Question

Two blocks of masses 20 kg and 10 kg are connected by a mass-less pulley . How much time will the 20 kg block will take to travel a distance of 0.6 m?

Answer 1

$\huge{\bold{\underline{\underline{....Answer....}}}}$

$\huge{\bold{\underline{Given:-}}}$

$\large{m_1 = 20 \: Kg}$

$\large{m_2 = 10 \: Kg}$

d = 0.6 m.

$\huge{\bold{\underline{Explanation:-}}}$

We need to find first acceleration of the system.
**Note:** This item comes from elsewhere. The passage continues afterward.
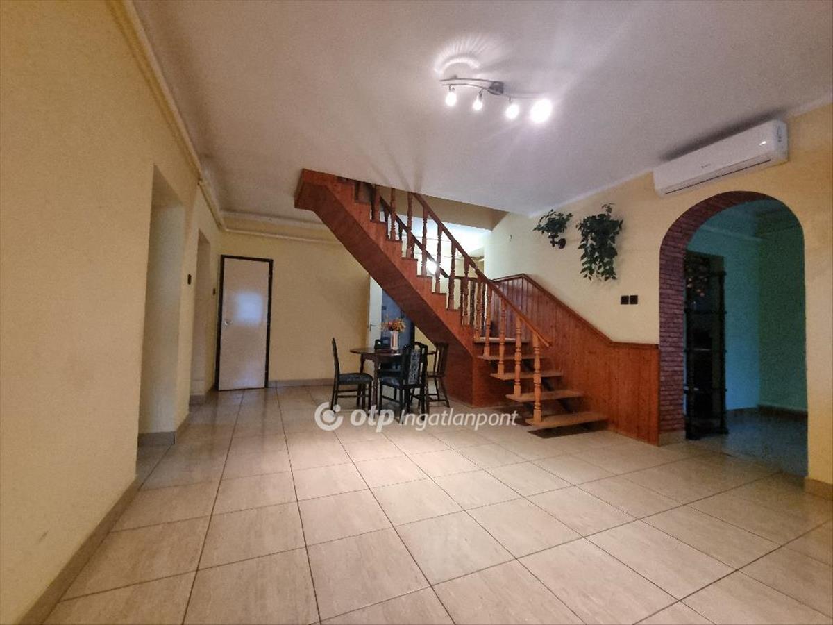 Eladásra kínálok Egyházaskesző csendes, természetközeli részén egy 174, 06 m2-es, remek elrendezésű, igazán otthonos kétszintes 1990-ben épült családi házat, 1 354 m2-es telken. a település Pápától 20 km-re északnyugatra fekszik a Rába-folyó árterében. a Pápa-Csorna vasútvonal Rábahíd megállója 2 km-re van. a ház elhelyezkedése szempontjából meglehetősen jó adottságokkal rendelkezik, tágas, világos terek és nagy udvar tartozik hozzá. Elosztását tekintve áll két tágas, világos napaliból, 3 teljes értékű, külön bejáratú szobából, 1 kívülről erkély kapcsolatos szobából, étkezőből, konyhából, kamrából, két fürdőszobából, WC-ből, közlekedő helyiségekből és fedett teraszból, szépfogóból. a lenti és az emeleti lakóteret egy gyönyörű, lépcső köti össze. a helyiségek burkolata: szobák laminált parketta, a többi helyiség járólap boritású. a ház további részében 2 autóbeállós garázs, kazánház, nyárikonyha, és tároló helységek foglalnak helyet. a nyílászárók jó állapotúak, redőnnyel felszereltek. a ház melegéről egy vegyes tüzelésű kazán gondoskodik, radiátoros hőleadással valamint hűtő-fűtő klíma. a meleg vizet villanybojler biztosítja. Kert része füvesített, az udvar teljesen rendezett, körbekeritett, gyümölcsfákkal, magas-ágyáson művelt veteményes kerttel, fúrt kúttal. a település nem messze található Pápától, Csornától és Győrtől. a környék kiváló közlekedési lehetőségekkel bír, a természetközeli környezet és a falusias nyugalom pedig ideális választás azoknak, akik békésebb életre vágynak, de szeretnének nagyobb városokhoz is közel lenni. Ajánlom mindazon vevők részére, akik egy szép, családias, nyugodt részen kívánnak élni, távol a város zajától. Az OTP Ingatlanpont teljes körű ügyintézéssel áll az eladók és a vevők rendelkezésére. a kínálatunkból választott ingatlan finanszírozásához kedvezményes hitelkonstrukciót kínálunk. Az adásvételi szerződés megkötéséhez igény szerint megbízható ügyvédi közreműködést biztosítunk, és segítséget nyújtunk az adásvételhez kapcsolódó ügyek intézéséhez is. Az ingatlanról készült alaprajz, illetve fényképfelvételek az Otp ingatlanpont szellemi tulajdonát képezik. Ne szalassza el ezt a lehetőséget, vásároljon meg az ingatlant! Hívjon ma!

$\large{\bold{a = \frac{(m_1 - m_2)g}{m_1 + m_2}}}$

Substituting the values.

$\large{ a = \frac{(20 - 10) \times 10}{20 + 10}}$

$\large{ a = \frac{10 \times \cancel{10}}{ \cancel{30}}}$

$\large{ a = \frac{10}{3} \: m/s^2}$

Now,applying second kinematic equation.

$\large{\bold{S = ut + \frac{1}{2}at^2}}$

In this case the initial velocity will be zero.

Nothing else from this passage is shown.